On ne fait pas de tableaux avec ce genre de souvenir.
Surtout des souvenirs inventés. Un nouveau sujet? Mais tout est déjà-vu.
Peut-être une femme au bord de l’eau; et pour finir, j’entrerai dans le
tableau. A Venise peut-être. Une rage dense comme la soupe aux pois. Je ne sais
pas, j’en ai jamais mangé.
Mais si d’un seul coup je trouvais un nouveau sujet? La
rage fondrait sans doute. Mais elle serait remplacée par une immense peur. La
crainte d’entendre l’ange répondre à ma question. « C’est votre
fils? » Et nous voilà vers la fin et je n’ai rien trouvé!

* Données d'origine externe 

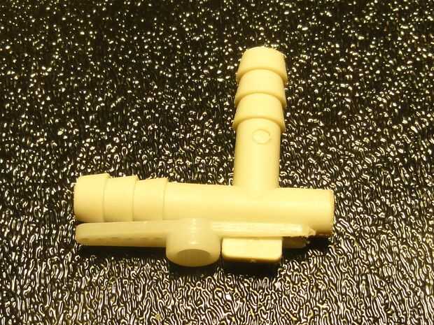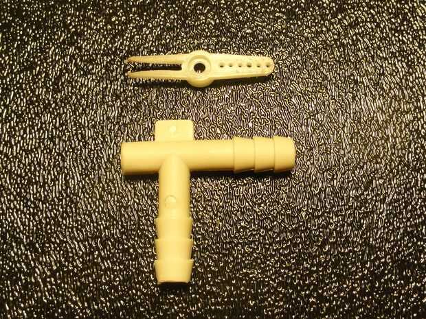 Cortar una muesca pequeña en el brazo del servo a ajustar la lengüeta de la T-fitting. Más tarde este asegurado en su lugar con una banda de tubos o pequeños cables. La muesca ayuda a asegurar los puntos de la boquilla en la misma dirección en el brazo del servo.
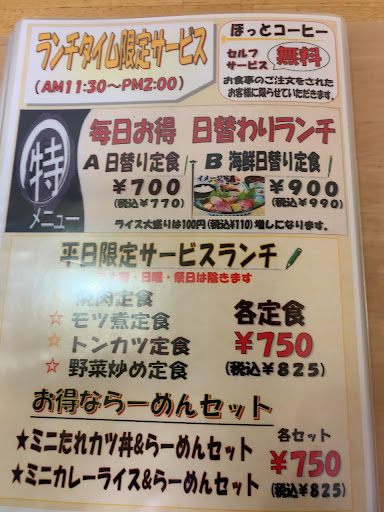 定食は800〜1000円。 300円プラスすると味噌汁→ミニラーメンへ変更可能。ミニラーメンといっても、チャーシューもついてるし少食なひとはこれで十分なくらい。2人で定食をひとつでも十分かもしれない。
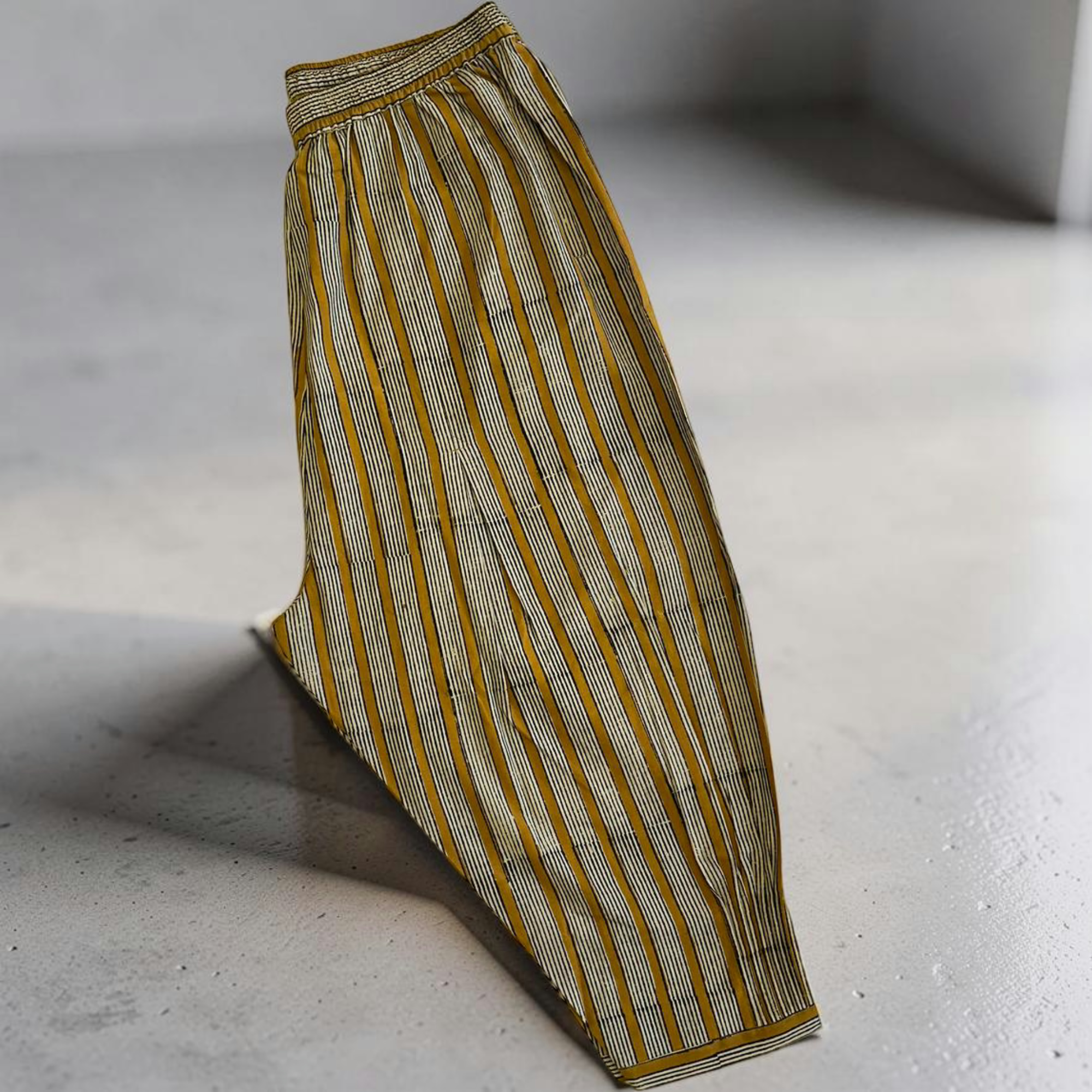 Pleated comfort pants in soft, breathable cotton, featuring hand block prints with subtle artisanal charm. Designed with a relaxed fit and gentle pleats for ease and fluid movement, finished with a flattering ankle-length cut.

Bien que je ne sois mort que depuis peu, je puis vous
garantir que l’enfer existe.
Il y a un certain temps un bon nombre d’individus
faisaient semblant de croire à une vie infinie. Il y avait, selon eux, l’âme
éternelle et le corps mortel. Cette théorie n’avait naturellement jamais été
vérifiée. Cependant, de temps en temps, un écrivain à court d’idées (ce n’est
pas si rare que ça) se voyait obligé d’écrire un roman sur le royaume des
morts. Songez par exemple à cet obscur auteur du vingt ou du vingt-et-unième
siècle. Il écrivit un jour un texte lamentable intitulé :
Les jeux sont faits.
Il est vrai que notre génération ne connaît que la mort
provisoire. Ces individus ne se souviennent jamais de ce qu’ils ont fait. Il
n’y a donc que les rares disparus, comme moi, qui peuvent vous parler du
royaume des morts.
Que je vous dise tout d’abord qu’il n’y a ni bars ni
discothèques en enfer. Mais les vieux mythes sont également faux : il n’y
fait ni chaud ni froid. La grande punition est la suivante : il est
interdit de travailler et de jouer. Comme aurait dit Baudelaire :
« On s’emmerde comme en Belgique, » ou plutôt (pour les puristes)
« L’ennui ronge mon âme ».
En arrivant j’ai décidé de faire de la littérature. Du
point de vue légal je les ai eus car la littérature n’est ni un jeu ni un
travail. Naturellement Satan a bien essayé de me coincer, mais je suis allé
voir l’ « ombudswoman » de l’enfer. C’était une petite grosse qui a
fait traîner le cas en longueur, toute contente d’avoir une excuse pour
travailler. Le procès fut interminable car les juges et les avocats faisaient
semblant d’avoir tout oublié. Il a fallu se remettre à étudier. Satan me
regardait, rouge de colère. Naturellement j’ai gagné. Voilà donc que, faute de
mieux, chaque damné s’est mis à l’écriture. Incroyable mais vrai : il y a
plus de poètes dans un autobus d’Enfers-Elysées que dans un petit appartement
de Toronto.
Il faut être juste. Tous ceux qui écrivaient sur terre
ont eu le droit de s’y remettre tout de suite. Cette minorité majoritaire étant
satisfaite, il restait cependant les masses d’illettrés, d’ingénieurs en
électronique et de conseillers pédagogiques. Satan m’a intenté un deuxième
procès.
Je me suis mis tout de suite au travail avec mon
expert-comptable Jean Villemolle et mon avocat Odoacre Tadukulot. Triste vie,
Jean se débat contre le cancer du côlon et Odoacre fait des crises cardiaques
de mysticisme. Autant dire que ce procès ne finira jamais.